◆ EXTRACTED INFORMATION
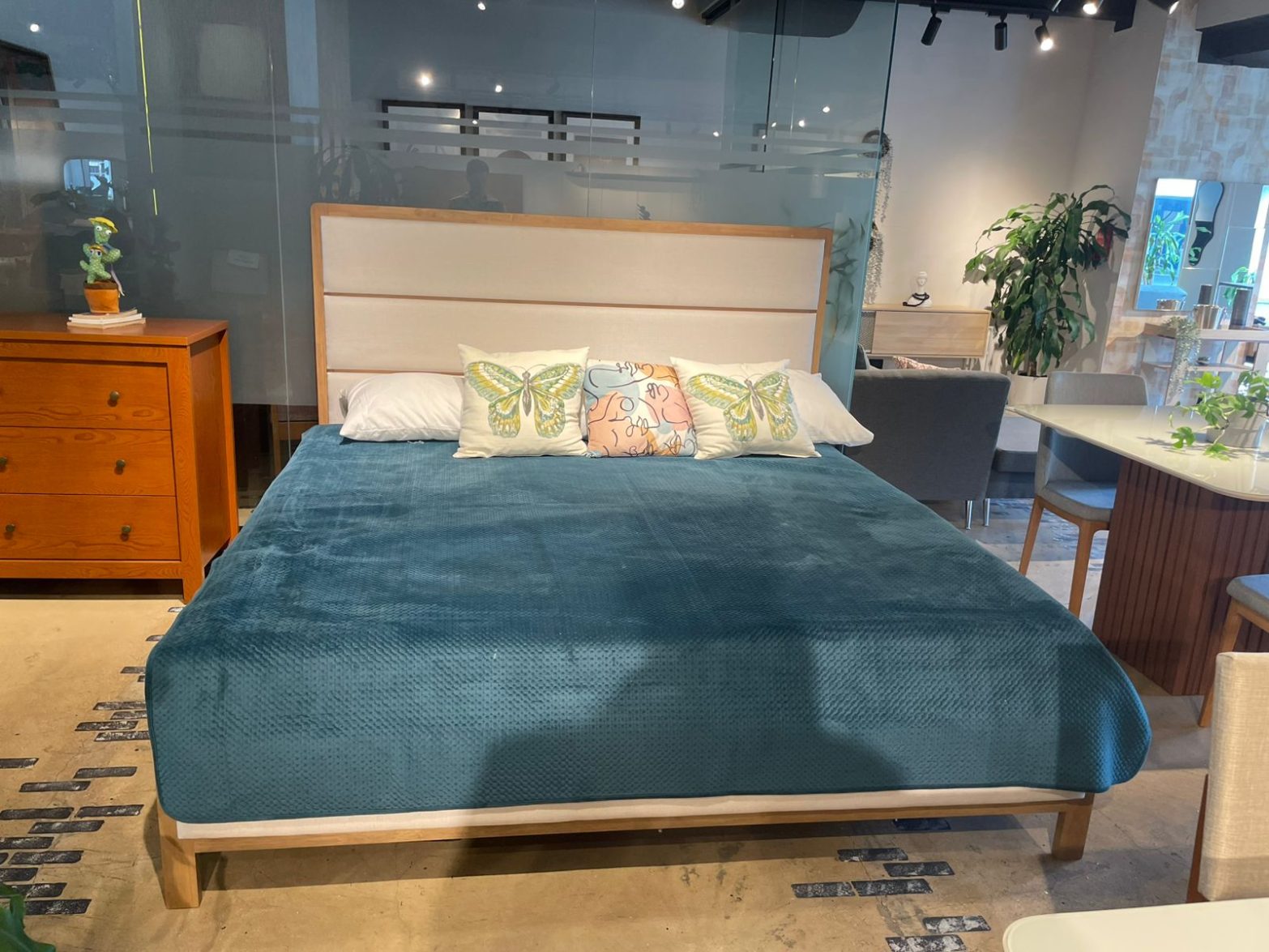 CAMA QUEEN MADERA NATURAL COLOR CREMA
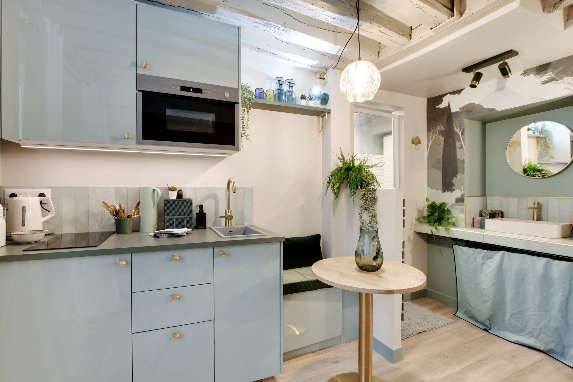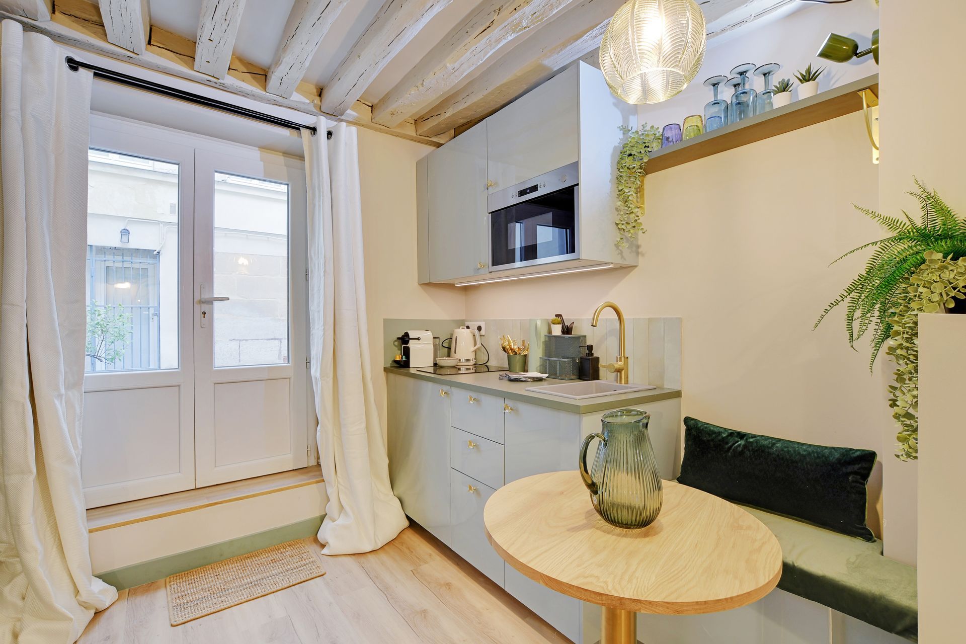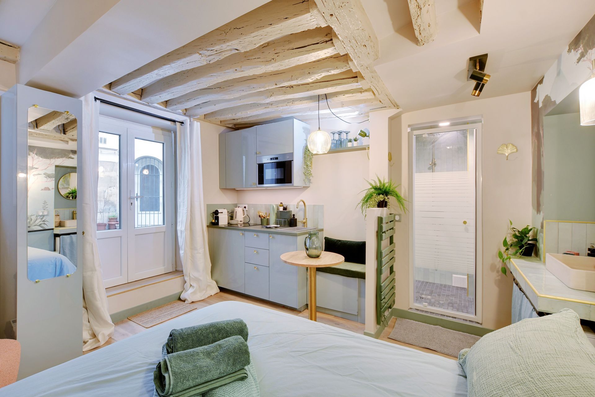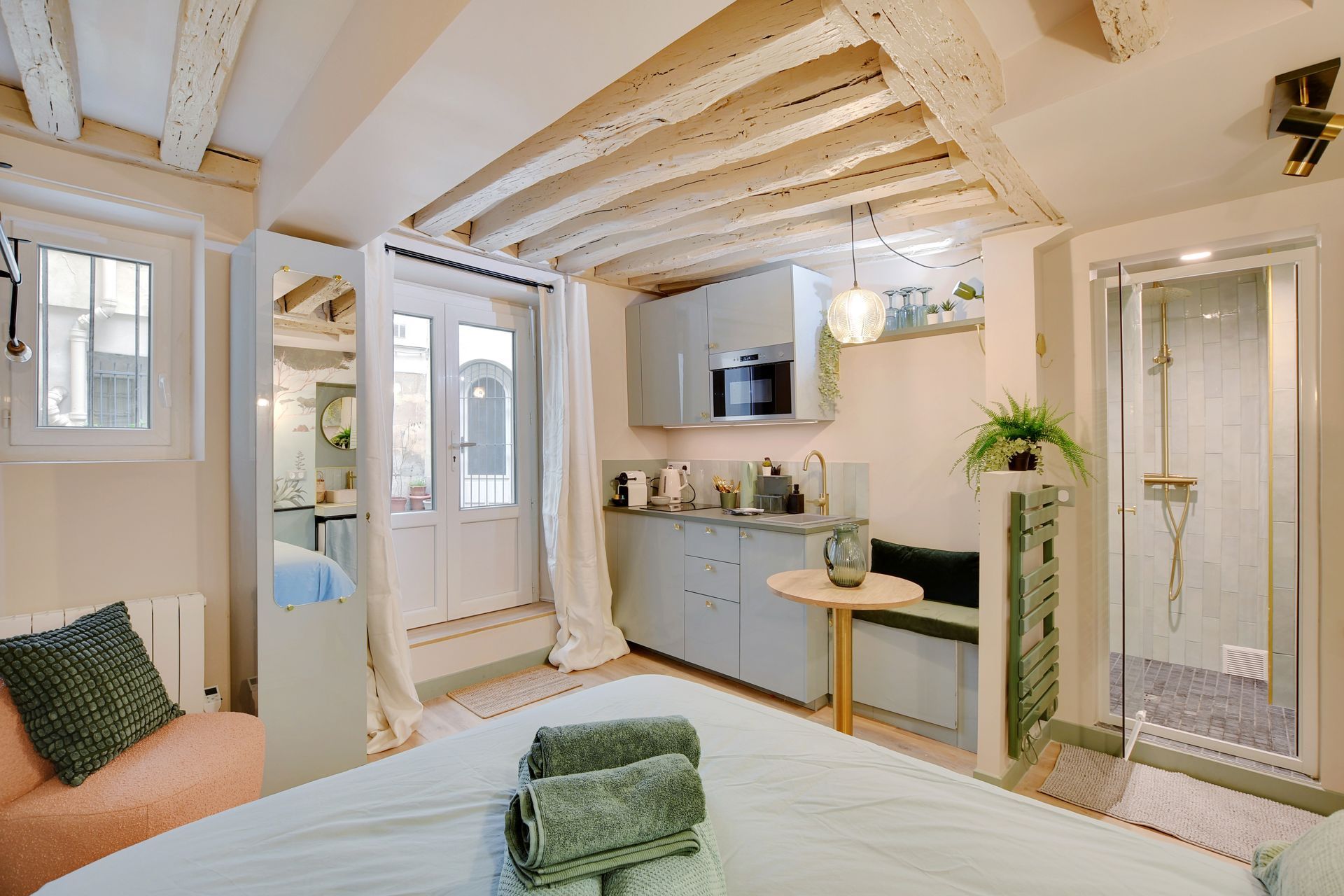 This charming studio apartment has just been renovated and furnished by a renowned architect, and is located close to the main attractions of Paris. Perfect for a business trip, as a couple or with friends. Ideally located in the Marais district, close to rue de Bretagne and rue du Temple. Comfortable, modern and functional, this flat for 2 people has a lounge area with double bed, kitchen, shower room, WC, Wi-Fi and washing machine.
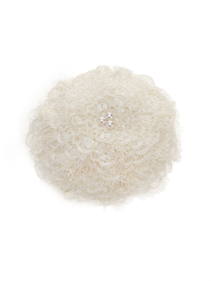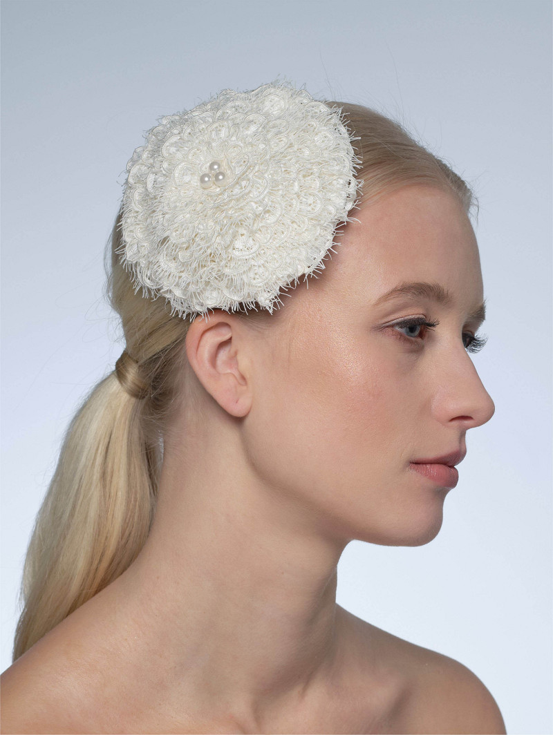 Fascinator met een ronde 3D look versierd met coupurekant en grote parels
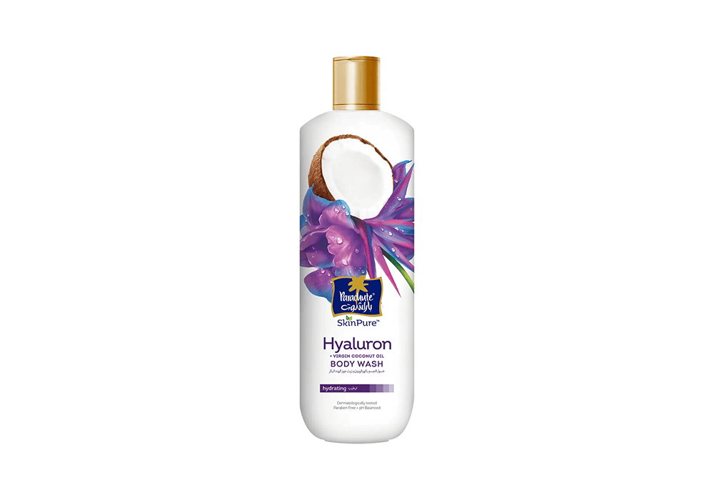 غسول الجسم باراشوت بتركيبة زيت جوز الهند البكر وحمض الهيالورونيك يمنحك تنظيفاً لطيفاً مع ترطيب عميق يدوم طويلاً، ليترك بشرتك ناعمة ونضرة.
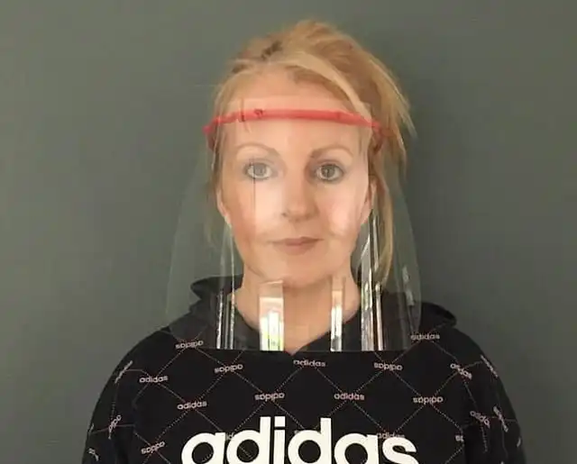 Он делает маски из головного крепления и пластикового козырька. Такой козырек обеспечивает защиту сразу всего лица, но носить его все равно нужно вместе с обычной защитной маской.
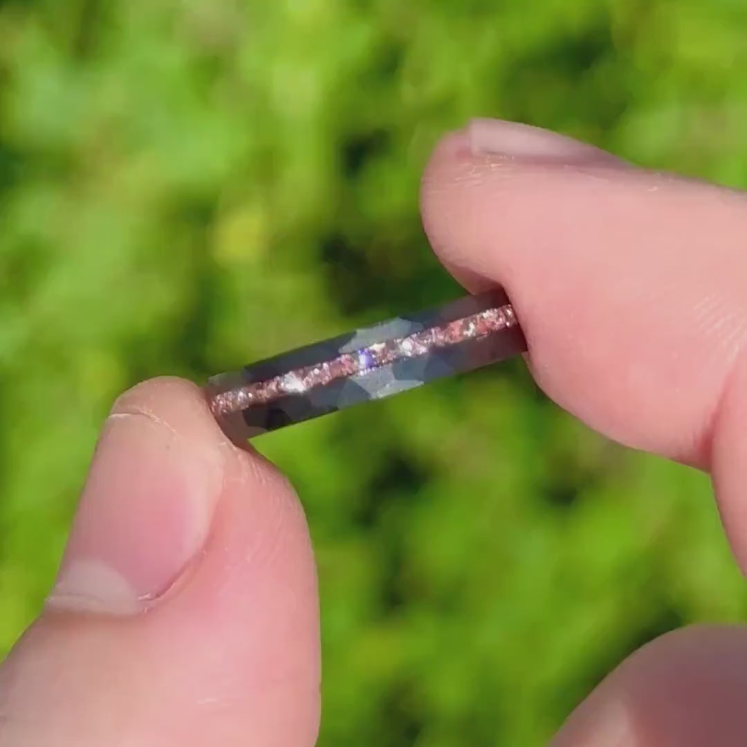 Hammered MORGANITE Ring Black Tungsten Band, Offset Crushed Morganite Glass Stone, 4mm Man Woman Wedding Band, Matte Brush, Ring Engrave
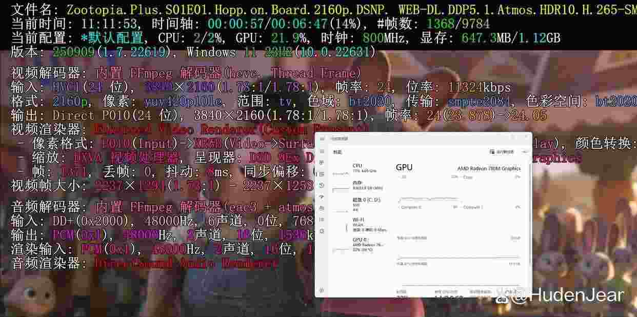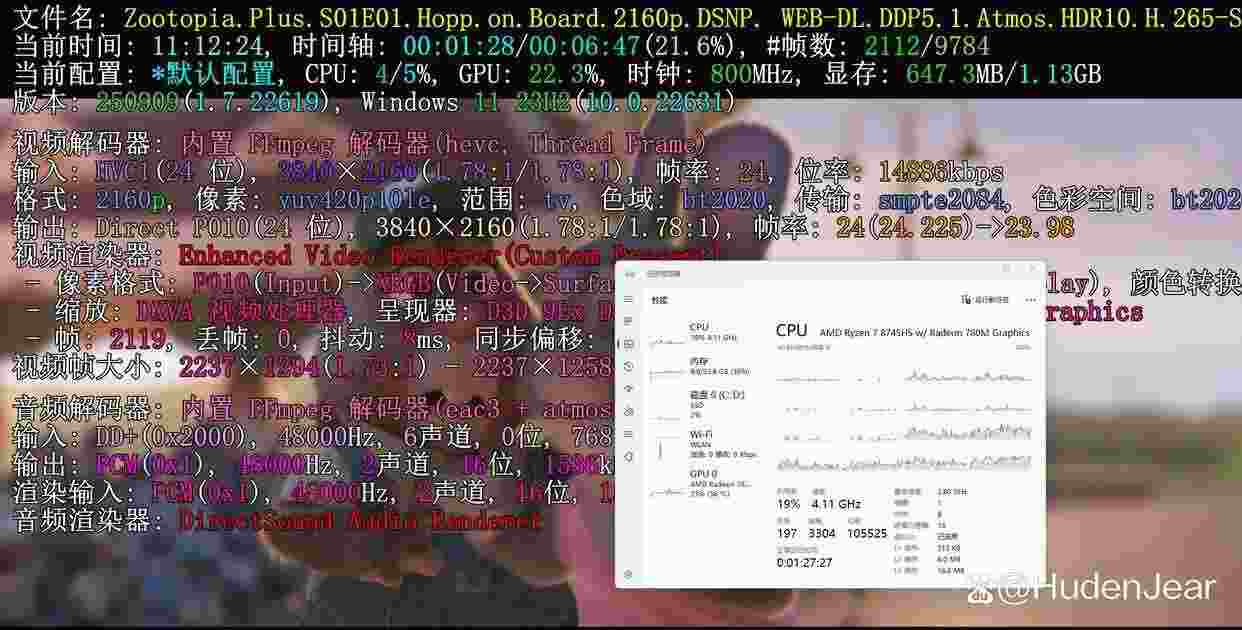 然后我也测试了一下视频解码的能力,可惜没有找到4k 60hz的片源,不过4k 24帧的片源解码只用了17%的性能,即使x4也毫无畏惧。780m最高能支持av1 8k的解码,所以当电视盒子看视频完全不用担心解码不够

◆ YOUR GOAL
Go to the line with "غسول الجسم باراشوت" in the entries above. Reproduce that line and each one after it to the end, exactly and without the pictures.

◆ SOLUTION TO THIS EXERCISE
 غسول الجسم باراشوت بتركيبة زيت جوز الهند البكر وحمض الهيالورونيك يمنحك تنظيفاً لطيفاً مع ترطيب عميق يدوم طويلاً، ليترك بشرتك ناعمة ونضرة.
 Он делает маски из головного крепления и пластикового козырька. Такой козырек обеспечивает защиту сразу всего лица, но носить его все равно нужно вместе с обычной защитной маской.
 Hammered MORGANITE Ring Black Tungsten Band, Offset Crushed Morganite Glass Stone, 4mm Man Woman Wedding Band, Matte Brush, Ring Engrave
 然后我也测试了一下视频解码的能力,可惜没有找到4k 60hz的片源,不过4k 24帧的片源解码只用了17%的性能,即使x4也毫无畏惧。780m最高能支持av1 8k的解码,所以当电视盒子看视频完全不用担心解码不够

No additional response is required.